En cuanto a David y Olga, tenían varios seres en quienes verter su capacidad de ternura. En primer lugar, se querían mutuamente. Continuaban inseparables, como los campanarios y como la esposa y la hija del comandante Martínez de Soria. Luego, Ignacio… Le querían de veras. Los altibajos del muchacho, su hambre de verdad y su vigor emocional habían ganado por entero el corazón de los dos maestros. Siempre le decían: «Deberías contenerte un poco, de otro modo en pocos años agotarás las posibilidades de rectificación que da la vida». Después de aprobar, le invitaron a una solemne merienda en la que hubo hasta discursos, y en la que se habló principalmente de Carmen Elgazu, del miedo que ésta sentía cuando le aseguraba que en el cielo le bastaría la contemplación de Dios, que no vería ni a Matías Alvear, ni a Ignacio, ni a César ni a Pilar.
El otro ser por el que los maestros sentían afecto era uno de sus alumnos, el mayor y más desgarbado de la clase, al que llamaban Santi. Un muchacho del barrio, desamparado de la familia. De orejas tan grandes como las de César y pies enormes. De temperamento violentísimo, fogoso, siempre dispuesto a cruzar el primero la pasarela del río, a hincar la azada más hondo que nadie. Con escalofriantes detalles de crueldad para con los animales. Pero los maestros procuraban enderezar su carácter.

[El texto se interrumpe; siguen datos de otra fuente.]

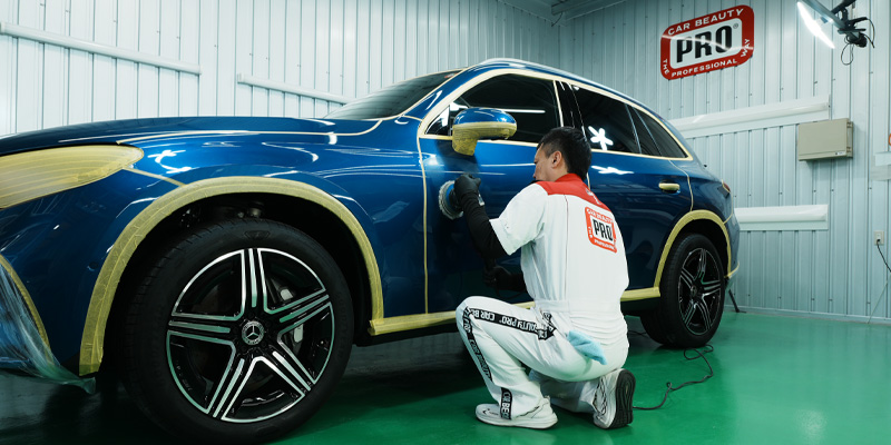 くすみや擦り傷を修復し、高濃度フッ素系コーティング剤で光沢や艶を生み出し、愛車が見違えるように綺麗になります。
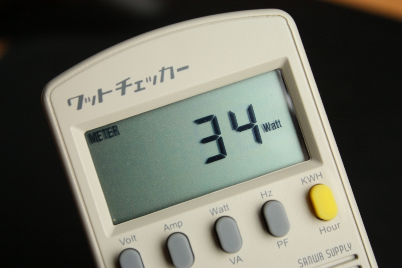 BenQ XL2420Tは初期設定のままだと34Wです。120Hzで駆動するからといっても普通の24インチモニターと変わりのない消費電力です。

La pasión de los Costa… eran de otra índole. Eran las ranas. En un merendero situado junto al puente largo del Ter había un vivero de ranas. Los Costa cuidaban de este vivero con mucho mayor cariño, aún, que de sus obreros. Estaban al corriente, día por día, de su estado y evolución. Y cuando llegaban allí con los dirigentes de la Peña Ciclista, algunos solistas del Orfeón u otros camaradas se dirigían inmediatamente al vivero y señalando una por una las ranas que con más brío se chapuzaban en el agua, decían al patrón: «Ésta… Y ésta…» Y minutos después mordían en las ancas y patas de los animalitos, con unos ojos de ternura que emocionaban a los demás comensales.
Era gran fortuna para la ciudad que la gente tuviera tales detalles. Porque el clima de nerviosismo se iba apoderando de todos, y sin la resistencia que oponían las virtudes de cada cual la cosa iría de mal en peor. Suerte también que el sentimiento de familia estaba muy arraigado en muchas casas, y que daba miedo quebrar aquellos lazos que habían costado tantos años y que habían procurado goces tan simples y duraderos.